Mayday 2: The Constant Need For Correction... Or Not?

Posted on May 2nd, 2006 by David Jon : A Lamp Unto Oneself David Jon
Have you ever tried to row a boat in a somewhat straight line? Have you ever sailed and realized that something that looks so easy and effortless--after all, all you do is just let the wind fill your sails and off you go, right?--is really full of constant correction to adjust to the elements--the wind, the water--so that you can stay on course?

I am thinking this morning that life is just like that: constant correction. That life itself is a constant adjustment and re-adjustment to ever-changing conditions and circumstances.

Anytime that we set a goal or chart a course we are setting up a situation where conditions are going to conspire against us achieving that goal or staying on that course. The wind swirls. Our right-side is stronger than our left, so that as we row we are constantly needing to adjust for that muscular imbalance.

The result of living seems to me to include a constant need for the kind of adjustment and correction that may indicate a certain sinfulness or inadequacy in a) the world, or b) in sentient beings.
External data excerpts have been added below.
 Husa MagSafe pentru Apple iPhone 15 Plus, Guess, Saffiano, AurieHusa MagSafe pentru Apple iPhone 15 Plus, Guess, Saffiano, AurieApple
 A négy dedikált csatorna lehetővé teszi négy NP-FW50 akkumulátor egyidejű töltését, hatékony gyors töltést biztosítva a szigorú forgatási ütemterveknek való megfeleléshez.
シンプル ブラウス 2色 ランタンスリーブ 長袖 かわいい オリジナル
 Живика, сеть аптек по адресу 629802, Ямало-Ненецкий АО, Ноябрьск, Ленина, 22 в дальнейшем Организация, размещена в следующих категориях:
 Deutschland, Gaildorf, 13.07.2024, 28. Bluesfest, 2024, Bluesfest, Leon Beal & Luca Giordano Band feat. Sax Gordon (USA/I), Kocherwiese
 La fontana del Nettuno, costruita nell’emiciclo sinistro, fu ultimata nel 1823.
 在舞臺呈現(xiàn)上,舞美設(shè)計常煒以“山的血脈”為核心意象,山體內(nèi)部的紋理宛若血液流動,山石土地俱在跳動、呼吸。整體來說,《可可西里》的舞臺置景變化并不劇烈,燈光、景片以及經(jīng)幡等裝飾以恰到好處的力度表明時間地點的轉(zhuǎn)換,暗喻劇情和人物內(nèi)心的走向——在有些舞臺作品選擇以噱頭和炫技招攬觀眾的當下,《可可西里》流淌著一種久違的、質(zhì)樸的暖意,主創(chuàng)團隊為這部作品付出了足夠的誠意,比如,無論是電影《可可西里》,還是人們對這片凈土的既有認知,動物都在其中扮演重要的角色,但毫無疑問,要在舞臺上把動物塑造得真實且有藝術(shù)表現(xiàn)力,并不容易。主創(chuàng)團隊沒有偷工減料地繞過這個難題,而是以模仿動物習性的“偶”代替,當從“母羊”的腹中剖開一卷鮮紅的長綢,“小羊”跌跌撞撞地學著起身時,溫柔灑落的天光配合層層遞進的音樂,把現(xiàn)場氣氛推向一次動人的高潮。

That, perhaps, is the more negative view; indicating that if either a) the world were perfect, or b) sentient beings were perfect, then there would be no need for adjustment and/or correction.
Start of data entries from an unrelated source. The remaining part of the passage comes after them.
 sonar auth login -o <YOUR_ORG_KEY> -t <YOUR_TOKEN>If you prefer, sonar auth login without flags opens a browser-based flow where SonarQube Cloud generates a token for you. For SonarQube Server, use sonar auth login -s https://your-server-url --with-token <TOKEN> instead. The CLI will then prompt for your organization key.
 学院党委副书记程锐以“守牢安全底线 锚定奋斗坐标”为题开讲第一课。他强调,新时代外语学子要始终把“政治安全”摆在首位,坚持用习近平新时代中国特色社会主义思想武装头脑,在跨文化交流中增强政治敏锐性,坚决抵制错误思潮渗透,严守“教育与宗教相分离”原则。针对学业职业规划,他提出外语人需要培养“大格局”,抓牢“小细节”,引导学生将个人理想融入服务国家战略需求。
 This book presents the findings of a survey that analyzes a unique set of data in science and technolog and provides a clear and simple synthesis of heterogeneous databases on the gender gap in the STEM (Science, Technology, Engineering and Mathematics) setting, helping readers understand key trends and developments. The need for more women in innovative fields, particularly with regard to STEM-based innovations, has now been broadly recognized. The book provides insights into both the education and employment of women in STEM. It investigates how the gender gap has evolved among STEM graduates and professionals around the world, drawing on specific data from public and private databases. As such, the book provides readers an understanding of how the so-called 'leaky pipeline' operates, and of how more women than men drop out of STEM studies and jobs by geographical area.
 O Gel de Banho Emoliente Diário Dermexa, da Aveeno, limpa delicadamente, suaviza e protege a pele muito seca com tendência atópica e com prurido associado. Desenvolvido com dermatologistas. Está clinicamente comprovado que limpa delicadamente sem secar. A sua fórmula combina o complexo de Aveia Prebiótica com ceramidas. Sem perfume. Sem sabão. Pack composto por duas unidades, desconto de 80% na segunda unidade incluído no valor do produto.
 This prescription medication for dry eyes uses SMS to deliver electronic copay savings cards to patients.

Alas, there is need for adjustment and correction. If we have any goal in mind--any ideal, any image of who we want to be or where we want to go--then we are going to both a) veer off course due to the shifting nature of the ground beneath us, and b) feel a need to correct our course relative to the shifting ground.


The Perfect Sage

There is another option. It is an option pointed to be the Saints, Sages, and Mystics of past, present, and future. These occassionally crazy-wise adepts have suggested that there is only a 'missing of the mark' when you are beholden to some image or idol. Set a goal and you have sin. Chart a course and you have mistakes. Intend to do something and you are prone to failure. 

It's these crazy-wise Holy Fools who have brought a possibility to the table that few are willing to accept, let alone dare to live. The only reason we fail is because we are attempting to use our own personal will to make something happen. Be goalless... be empty... be without agenda or imperative... and you are free, liberated.
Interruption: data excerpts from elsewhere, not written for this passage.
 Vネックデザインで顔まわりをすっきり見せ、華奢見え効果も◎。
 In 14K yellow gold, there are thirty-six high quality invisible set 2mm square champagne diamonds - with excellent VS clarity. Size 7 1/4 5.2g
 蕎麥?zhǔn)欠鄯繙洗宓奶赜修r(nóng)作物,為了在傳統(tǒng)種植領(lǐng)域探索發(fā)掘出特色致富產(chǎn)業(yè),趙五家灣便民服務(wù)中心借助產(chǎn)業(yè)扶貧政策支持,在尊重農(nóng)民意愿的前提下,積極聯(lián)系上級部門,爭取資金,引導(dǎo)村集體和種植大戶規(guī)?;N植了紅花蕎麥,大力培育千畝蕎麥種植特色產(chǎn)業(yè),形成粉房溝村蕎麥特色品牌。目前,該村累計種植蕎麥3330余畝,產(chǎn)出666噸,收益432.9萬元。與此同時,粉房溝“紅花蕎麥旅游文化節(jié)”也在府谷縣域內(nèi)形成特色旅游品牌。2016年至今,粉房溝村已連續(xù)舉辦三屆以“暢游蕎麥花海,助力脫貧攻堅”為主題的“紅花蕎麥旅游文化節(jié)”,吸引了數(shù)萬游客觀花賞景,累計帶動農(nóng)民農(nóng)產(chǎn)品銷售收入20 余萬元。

This red pill offered by the Sages and the Mystics is about offers up a vision of Truth and Reality that is about as far away from the norms of Western Society and Civilization as one could ever imagine. Christ said that 'many are called, but few answer.' And I know why? There is a sense that being goalless and empty is a cop-out. The basis of Western Civilization (which one might now say is the same basis informing Global Civilization) is that one needs to be industrious. You need to decide who you are. You need to determine who you are going to be. You need to chart your course and stick with it. Don't be a quitter. Don't give up on life. After all, winners never quit and quitters never win, right? 


The Cultural Bias

Next time you are out and about, and you are given the chance to tell someone new that you are meeting for the first time who you are and what you do, just tell them... 'I really do nothing. I don't have any goals in life. Easy come... easy go. I'm just along for the ride.' Then watch them try to digest that statement. Watch how it totally undermines the assumptions that we have about life. For instance, the assumption that you are a specific somebody who is here to do a specific something and you better get busy doing that specific something you specific sopmebody because the clock is friggin' tickin'!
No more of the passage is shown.